A subroutine is a sequence of computer instructions that is contained in a larger program, typically used to perform a particular task and is referred to by name. They are also known as subprograms, procedures, functions, methods, subprocesses, routines or segments.
Subroutines are used to increase code readability and reusability by allowing the same functionality to be accessed multiple times from different points in the program. This is achieved by means of a subroutine’s ability to be called from any other program, performing the same operation or calculations.
Subroutines are often written in a high-level programming language such as C or Java, however assembly language is also used for writing subroutines. Sometimes, subroutines are written by the programmer and stored in a library, while other times they already exist in the operating system.
When a subroutine is called, the control flow is transferred to it, where it begins by saving the state of the program, so it can return to the point at which it was called. Then, the instructions of the subroutine are executed in order and, when finished, it returns control flow to the main program.

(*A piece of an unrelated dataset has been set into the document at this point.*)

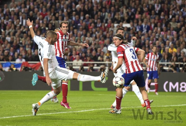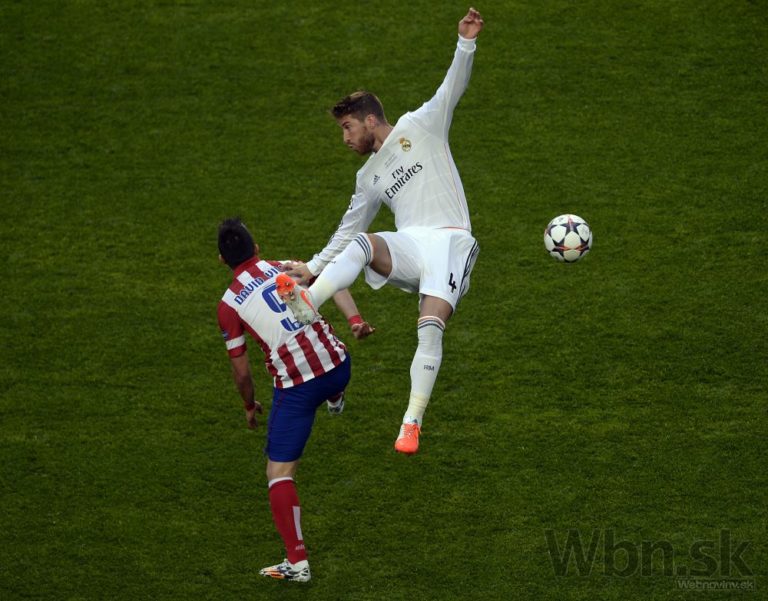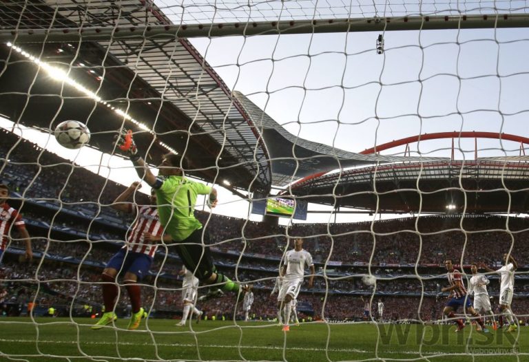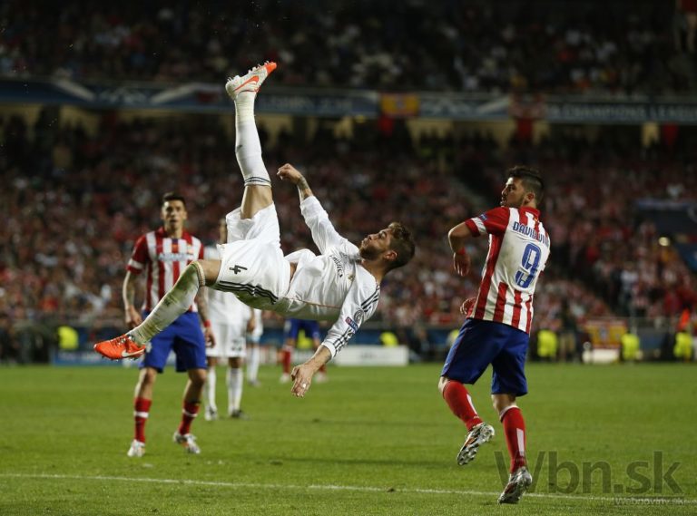 Sergio Ramos z Realu Madrid hlavičkuje loptu do siete Atlética a vyrovnáva na 1:1 počas finálového zápasu Ligy majstrov. Foto: SITA/AP

Along with providing code reusability, they can be beneficial when it comes to making changes. If a new version of the subroutine is created, it can be called instead of the main program needing to be modified. This helps to reduce the overhead of making substantial changes and makes it easier to debug the code.
Subroutines are one of the most fundamental components of computer programming, as they allow code to be broken down into small, reusable pieces. They are today an essential part of most programming languages, and for good reason – without them, most programs would take far more time and effort to create and manipulate.